Every time you practice taekwondo, you will realize that you keep on learning more about the principles and philosophies behind the martial art.

You may encounter repetitious hand movements, blocks, kicks, drills, and warm up exercises, that performing those drills and exercises over and over and over again start to get dull.

But after you start to reflect on the intricacies of taekwondo practice, you will soon start to hone your body movements and take notice of the position of you arms, legs, hands, feet, head, etc. while performing each movement. It is only after recognizing and contemplating your body position that you will get to see the philosophy why taekwondo is a true martial art.

There is no other way around it. Tae kwon do is a way of life. Once you commit to taekwondo and get past the basics, you will start associating the philosophies you have learned in taekwondo with your everyday life.

Motivating yourself to go to class is the same as motivating yourself to go to work. Doing push-ups, sit-ups, and other exercises is like performing other day-to-day rituals.

And pushing yourself to do more push-ups, sit-ups, and other exercises is like pushing yourself to learn more about your job and to handle more stress in your life.

This way taekwondo transcends a typical workout and starts to become a link between what you are now and what you want to become.

The sooner you realize you can push yourself physically to do those 5 extra push-ups or 20 extra kicks, the sooner you will realize you have the power to do whatever it is you want with your life.

At first, it is difficult to associate taekwondo and taekwondo practice movements and techniques with art. How can you consider a punch or a kick or mountain block a form of art?

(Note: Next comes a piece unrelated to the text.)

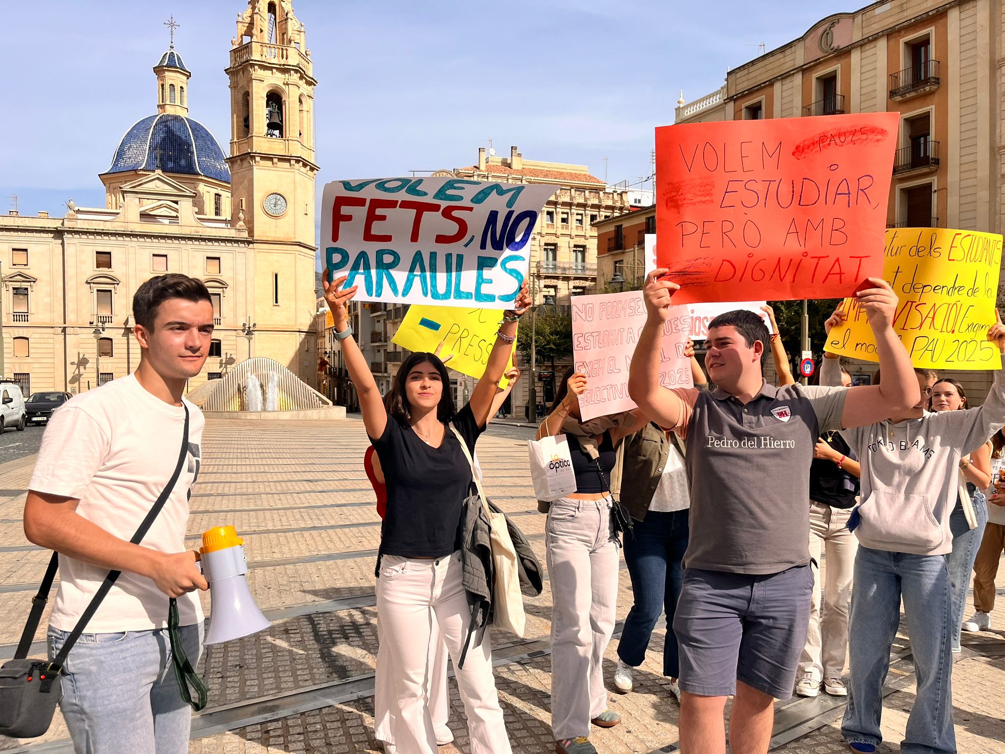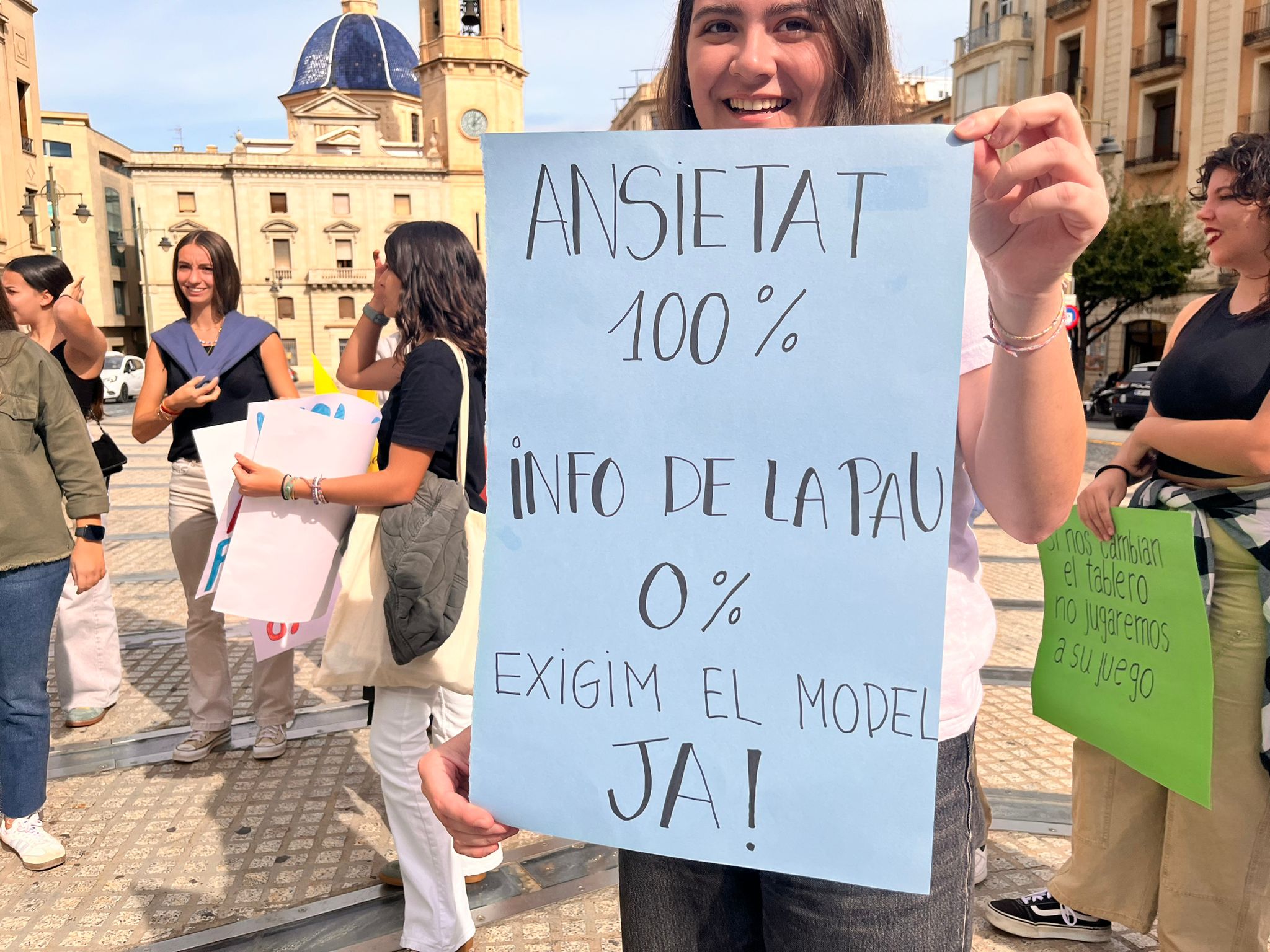 Mig centenar de persones s'ha reunit aquest matí a la Plaça d'Espanyaper demanar que se'ls informe sobre com seran les pròximes proves de l'EBAU per a que tant el professorat com ells com a alumnat puguen preparar-se de manera correcta.

The answer becomes clear the first time you see someone perform a taekwondo form artistically; taking care to make sure every movement is performed with exactness. Sloppy movements do not look artistic. Crisp, meaningful movements look artistic.

So what is a crisp, meaningful movement? When performing taekwondo or any movement in taekwondo, you need to think about every single body position in the form or movement.

Where should your head be, where should your eyes be looking, when do you snap, how should your feet be positioned?

These are questions that must be considered before and during a movement. The more you practice, the more the movements become ingrained and the less you actually have to think about them.

When you perform a front stance inside block, the line of your back leg and the forearm of the arm performing the inside block should both be on the same "line", parallel to each other.

This type of thinking and care is what makes taekwondo an art. When you position your body with "mathematical exactness" so that every line in your body is straight and every angle looks purposeful, you are creating art, with your body.

The artistic philosophy of tae kwon do is just an extension of the fact that taekwondo is a way of life. The more time you take to think about your movements in tae kwon do and to perform those movements with an exact, artistic intention, the more likely you are to take care when making decisions in your real life.

Once you begin to understand and master this philosophy of tae kwon do, you can start applying that understanding to your everyday life.